Since the signal of C deamination has been found recurrently in aDNA studies and there is a strong positive relationship between deamination and sample age [11], the presence of deamination patterns in aDNA HTS studies has been proposed as an authenticity criterion [12]. It is remarkable that C to T substitutions from both animal remains [11] and our data correlate strongly with time, although at a different rate in the two tissues, which implies that deamination is strongly related to the phase two of slow DNA degradation. An excess of C to T substitution at the end of the molecule has been also found in plant [15] and human pathogens [2527] DNA. We found here that the deamination in plant-pathogen-derived reads is intermediate between nuclear- and chloroplast-derived reads (electronic supplementary material, figure S6). However, we think that the signal is sufficient to be used as an authenticity criterion. We do not suggest that a sample of given age should match a given level of deamination, but instead propose that the excess of C to T at the DNA ends, independent of its magnitude, should be presented as evidence for authenticity. In the future—given an appropriate depth of coverage—it might be possible to also use deamination patterns to authenticate metagenomic aDNA derived from plant or animal tissue, or from environmental DNA profiling.
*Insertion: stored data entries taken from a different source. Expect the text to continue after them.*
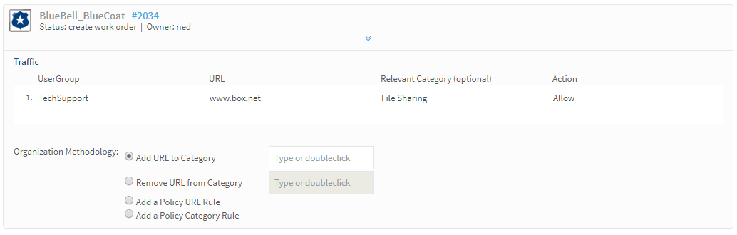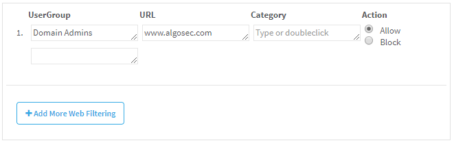 The request includes information about the relevant user group, URL, category, and action for the Web filtering rule. For example, the requestor may submit the following request:
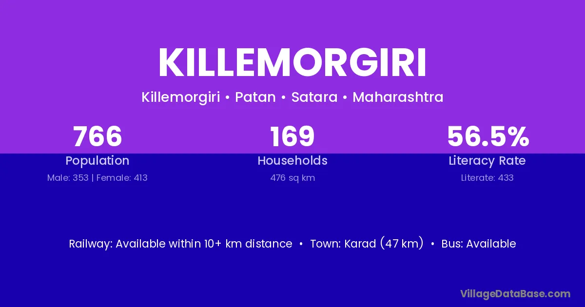 Karad (47 km) is the nearest town to Killemorgiri village for major economic activities and is located approximately 47 km away.
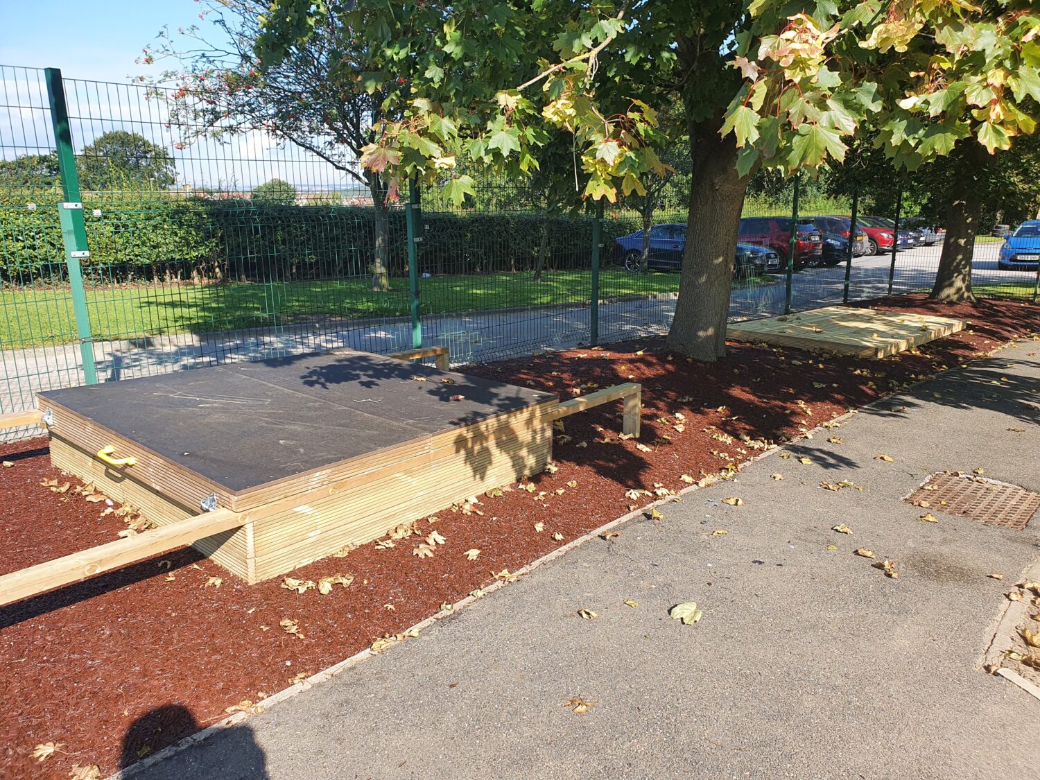 To one side of the playground, we fitted red rubber mulch surfacing, an attractive and impact-absorbing option that blends naturally with timber features. Within this area we also installed a sandpit with a protective lid and a wooden decking stage, offering children a variety of play and learning opportunities.
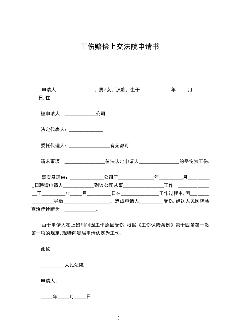 请求事项:_________________依法认定申请人_________________的受伤为工伤.
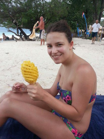 Die Ananas hier auf Gili Meno schmecken fantastisch. Super süß und super saftig! Und ne ziemlich coole Art eine Ananas zu essen oder ?
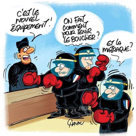 Et, à propos, si une femme dit qu’elle aime bien les hommes costauds, désemparés et excédés qui se battent à poings nus quand tant d’autres ont été éborgnés, estropiés, matraqués, gazés (et avec leurs impôts, encore), sera-t-elle envoyée devant le Procureur ?
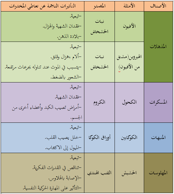- تأثير المخدرات المستعملة صيدلانيا :
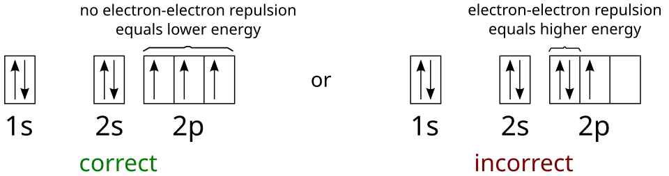A regra de Hund resume essa constatação experimental: elétrons numa mesma subcamada tendem a permanecer desemparelhados (em orbitais separados), com spins paralelos. Portanto, haverá uma menor repulsão intereletrônica.
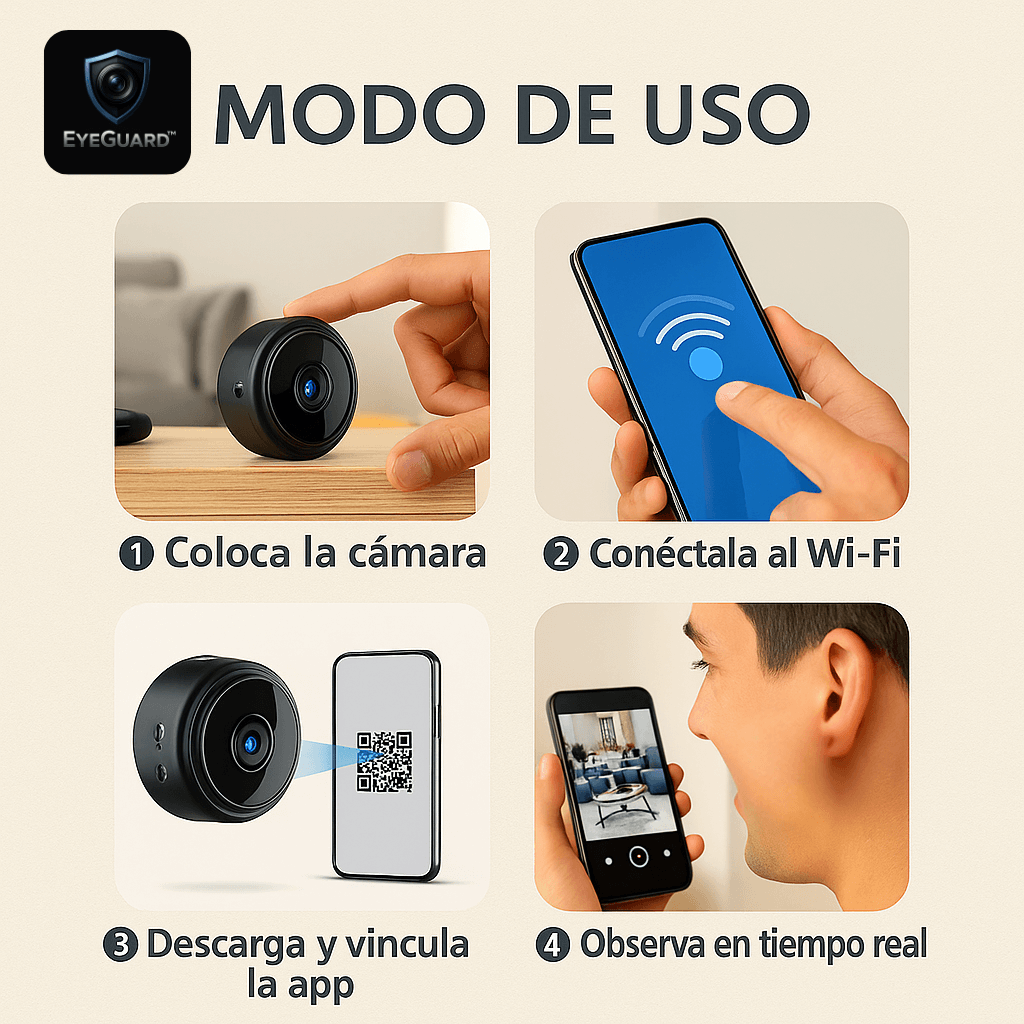 EyeGuard™ es la cámara que está cambiando cómo las familias protegen su hogar. Instálala en minutos y disfruta de la tranquilidad de ver lo que necesitas.
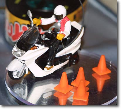 Lovely little Choro-Bike R/C scooter comes with a built-in rider and everything you need except three AA batteries, to race by yourself or against your friends. The controller acts as a charging station for the bike as well as providing forward, reverse, left and right directions. Also comes with pylons for steering practise!
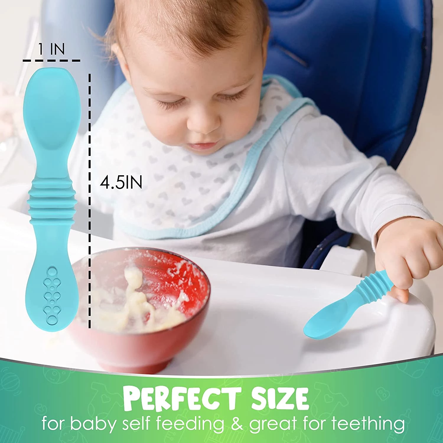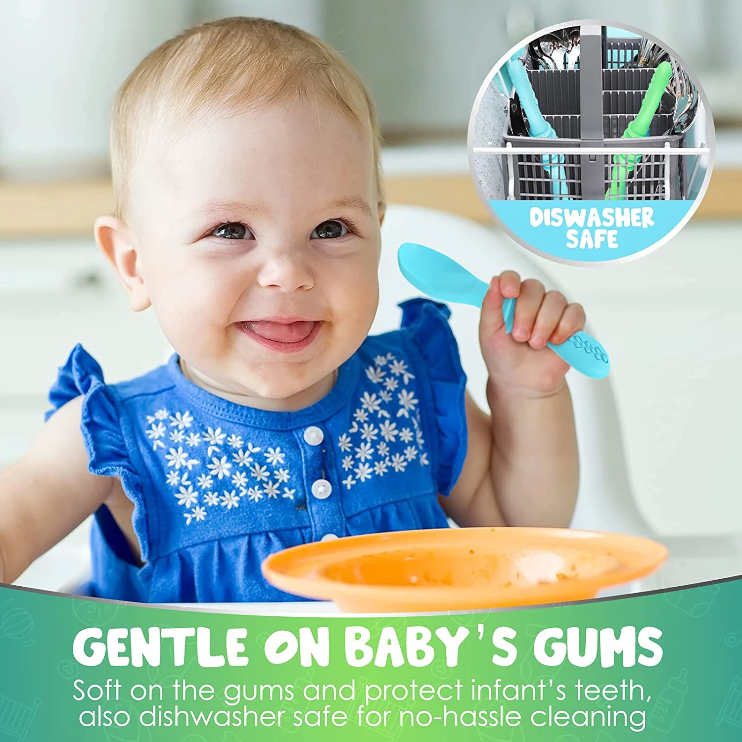 Немовлята люблять використовувати м'які інструменти як іграшки для прорізування зубів. М'яка силіконова дитяча ложка відмінно підходить як прорізувач для зубів, а також як іграшка для вашого малюка, ці ложки м'які, мають зручні борозенки і захищають дитячі зуби.
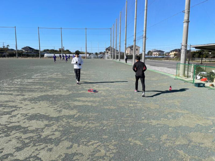 そのため、午前練は海岸から少し離れた運動場に場所を移して行いました。
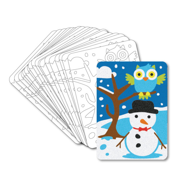 Il multipack contiene 10 fogli (15x20cm) pretagliati su carta adesiva con 20 disegni che raffigurano la stagione dell'Inverno, pronti per essere colorati con la sabbia. Non servono né forbici, né colla: rimuovendo la carta dal disegno rimane la superficie adesiva da colorare con le sabbie Sabbiarelli® (sabbia non inclusa)

3.3. Practical implications

On the contrary to historic herbarium samples, modern herbarium samples resembled DNA extracted from fresh tissue, which shows that drying by pressing is an ideal method to collect plant samples in long field trips. This also implies that the magnitude of damage that happens in the first phase is highly dependent on the method used to prepare the herbarium specimen.

DNA misincorporations can be confused with natural variation, which will compromise variant calling and increase terminal branches in a phylogenetic context. Both effects are especially prominent in highly deaminated (old) samples that are sequenced at low coverage. Fortunately, it is now possible to almost eliminate this source of error either by removing uracils from DNA molecules during library preparation [28] or by statistically distinguishing true variants from aDNA-associated misincorporations post-sequencing, in reads derived from single-stranded library preparation methods [29].

Since DNA in dried tissue degrades rapidly, the retrieval of DNA from very old samples will require the use of DNA and library extraction preparation methods capable of recovering short length molecules [29,30]. The high DNA fragmentation of historic herbarium samples poses a challenge to genome reduced-representation methods such as RAD (restriction site associated markers)-sequencing [31,32], which has shown low DNA yields and low percentage of reads that could be mapped to the reference genome [33]. Thanks to improvements in library preparation and HTS accuracy, it is possible to sequence and perform mapping-guided assemblies of complete genomes from historic specimens with quality that matches genomes derived from modern specimens and, therefore, exploit the millions of plant remains stored in herbaria worldwide.

4. Material and methods

4.1. Previously published datasets

Sequences derived from Solanum tuberosum and Solanum lycopersicum infected by P. infestans are deposited in the European Nucleotide Archive, with accession number PRJEB1877.

4.2. New datasets

New DNA sequences are deposited in the European Nucleotide Archive, with accession number PRJEB9878

4.3. Herbarium samples

Historic herbarium samples were either directly sampled by us in different herbaria both in North America and Europe, or sampled there by collection curators and sent to us by post (electronic supplementary material, table S1). The amount of tissue used for destructive sampling ranged from 2 to 8 mm2.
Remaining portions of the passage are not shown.